Ce post est compilé de 7 entretiens d'une heure que j'ai fait avec des assistantes maternelles dans leur première année d'agrément, entre janvier et avril 2026. Aurélie (Bretagne), Sandra (Isère), Karine (Yvelines), Marie-Laure (Hauts-de-France), Florence (Var), Émilie (Loire), Camille (Île-de-France).
Je leur ai posé la même question : "Qu'est-ce que tu aurais aimé qu'on te dise avant de commencer ?"
J'ai compilé. Voici les 12 leçons qui revenaient le plus souvent. Aucune n'est dans les brochures officielles.
1. La PMI ne te dira pas tout
L'inspection PMI te dit ce qui est conforme. Elle ne te dit pas ce qui marche.
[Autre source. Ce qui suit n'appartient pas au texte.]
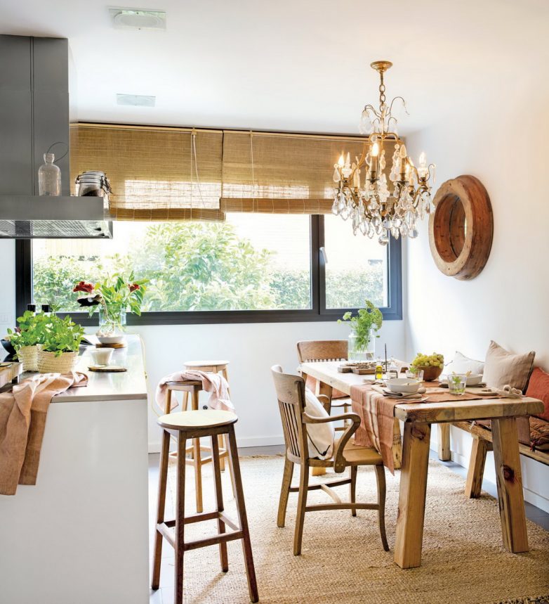 Оконные проемы не нужно перегружать особыми тканями и формами. Оптимальным вариантом будет короткий тюль и короткие занавески, подобранные в соответствии со стилем. Дачную кухню можно украсить вазой с букетом полевых цветов, а на стол положить вязаную салфетку и поставить плетеную низкую корзинку с фруктами.

Tu apprendras que les barrières d'escalier doivent être à norme — mais pas que les enfants de 14 mois adorent grimper et qu'il te faut aussi une barrière en haut, pas juste en bas.
L'inspection valide ton cadre légal. Elle ne valide pas ton bon sens. Ce sont deux choses différentes.
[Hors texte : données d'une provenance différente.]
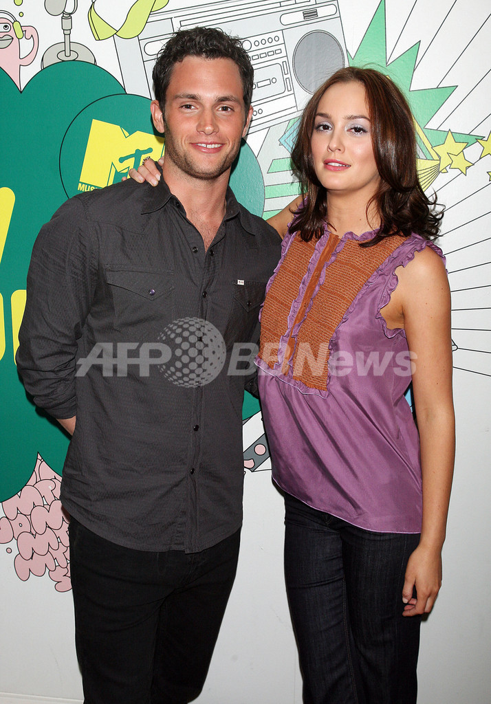 【5月14日 AFP】俳優のペン・バッジェリー(Penn Badgley)と女優のレイトン・ミースター(Leighton Meester)が13日、ニューヨーク(New York)のタイムズ・スクエア・スタジオ(Times Square Studios)で行われたMTVの音楽情報番組「Total Request Live」に出演した。(c)AFP/Getty Images

Le RAM (Relais Petite Enfance) du coin sera ton meilleur ami pour la deuxième couche : ce qui marche en pratique. Va aux ateliers. Pose des questions débiles. Personne ne se moque, sauf les ass-mat qui ont oublié qu'elles aussi ont commencé.
2. Le contrat-cadre sauve des vies (pas que les tiennes)
Le modèle Pajemploi tout seul est insuffisant. J'en ai parlé en détail dans un autre article, mais le résumé : ajoute systématiquement des clauses sur les heures complémentaires, l'indemnité d'entretien, les jours fériés, et le droit à l'image.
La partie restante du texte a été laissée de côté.